Of all the choices only this answer is accurate.

The PMBOK clearly states that the data must be accurate and unbiased to be credible.

Answer: D is.

The most appropriate answer for this question is C. A qualitative risk analysis requires accurate and unbiased data if it is to be credible.

Qualitative risk analysis is a process that assesses the likelihood and impact of identified risks to determine their overall risk priority. The analysis is typically based on subjective judgments of the likelihood and impact of each identified risk, made by project team members, stakeholders, or subject matter experts.

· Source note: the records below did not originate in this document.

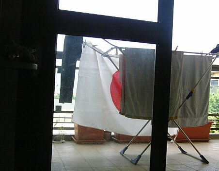 汚れそうだったし風も強かったので、物干しに日の丸。
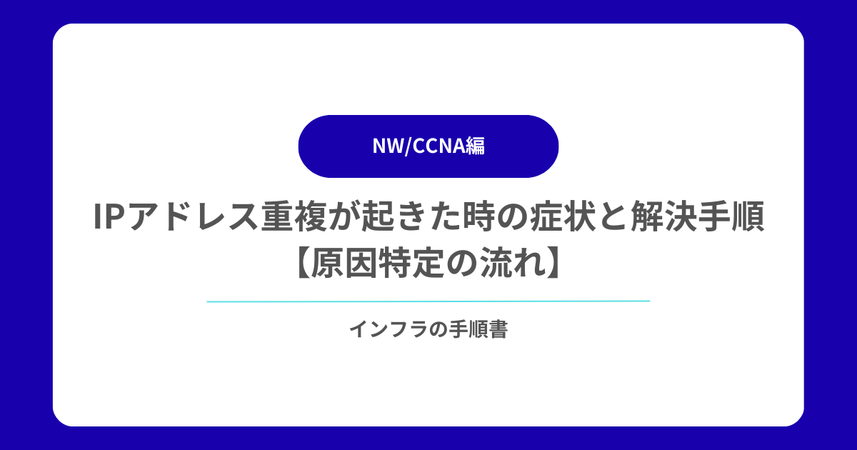 IP 重複はネットワーク障害の中でも発生頻度が高く、原因特定はシンプルですが、ARP 変動がヒントになる典型的なトラブルです。
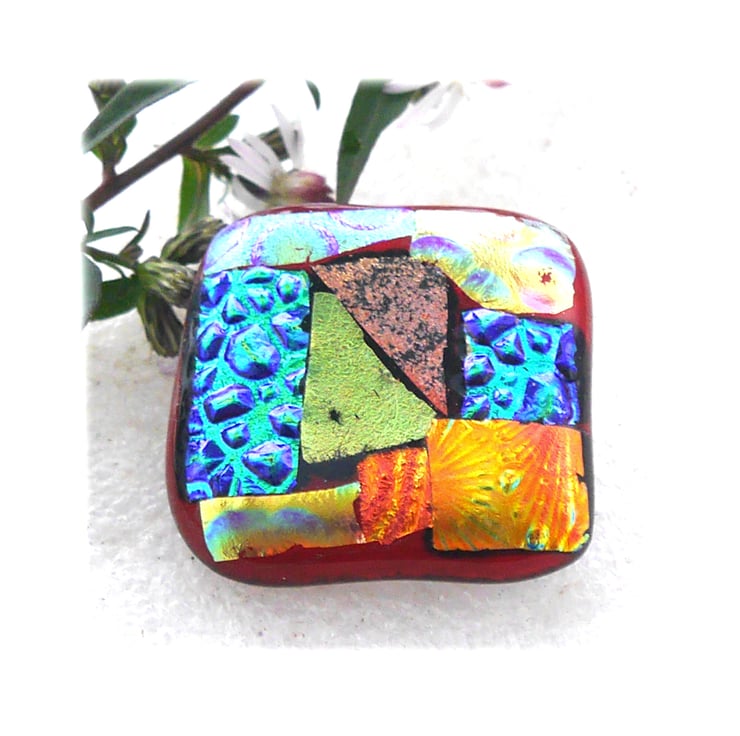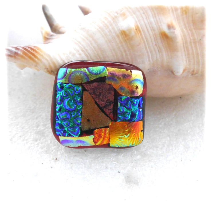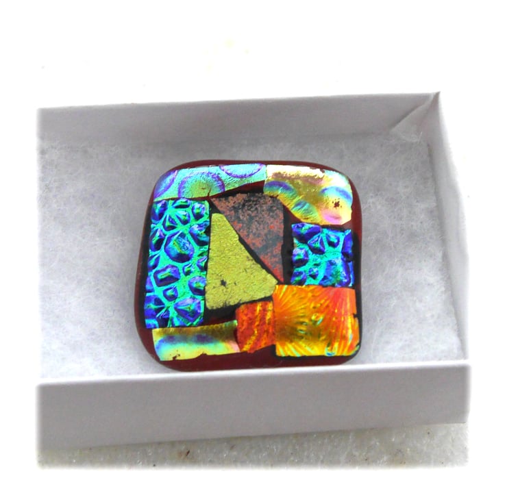 Patchwork Dichroic Fused Glass Brooch 071 Handmade
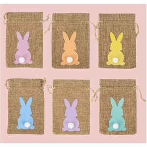6pcs Bunny Rabbit Pompom Treat Gift Bag
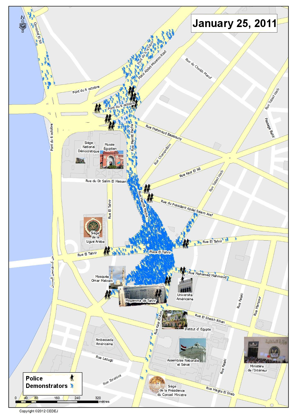 By the end of the 2000s, Egyptian activists had acquired a deep-rooted, practical sense of spatial constraints. They knew that choosing a protest site had several consequences. Depending on the location, the protest’s attractiveness to outsiders would vary ; the manageability of the protest by police forces would be more or less easy ; and the protest itself, depending on its morphology, would seem more or less important. Marching down narrow streets doesn’t feel or mean the same as demonstrating along broad avenues. The choice of starting points for the January 25, 2011 protests was the subject of intense debate among activists. Some wanted to stick to the usual spots in downtown Cairo, while others suggested departing from working-class neighborhoods in the city’s outskirts. (El Chazli 2012, pp. 85–88) They eventually chose to organize marches that would end on Tahrir Square, instead of calling for the usual sit-ins in front of the Journalists’ Syndicate or the High Court (Deboulet and Florin 2014). [2] The way in which the first protests were organized no doubt played an important role in their success.
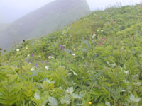 レブンシオガマ、ミヤマオダマキ、ハクサンチドリ、レブンソウ、レブンシオガマ、レブンハナシノブ、レブンキンバイ、クロユリ、センダイハギ・・・・・花の種類は数え切れないほどだった。 |

The probability and impact matrix is a tool used in qualitative risk analysis to map the likelihood of a risk event occurring and the impact it would have on the project's objectives. It is typically based on a scale of low, medium, and high for both likelihood and impact.

For the qualitative risk analysis to be credible, the data used to assess the risks must be accurate and unbiased. Biased data can lead to incorrect risk assessments and decisions. It can also lead to conflicts between stakeholders and project team members, which can have a negative impact on the project's success.

Unbiased data, on the other hand, is data that is free from any prejudice or preconceptions. It is based solely on facts and observations, without any personal opinions or biases. Unbiased data helps to ensure that the risk assessments are objective and credible.

In summary, accurate and unbiased data is essential for a credible qualitative risk analysis. It helps project teams to make informed decisions and minimize the risk of conflicts and errors.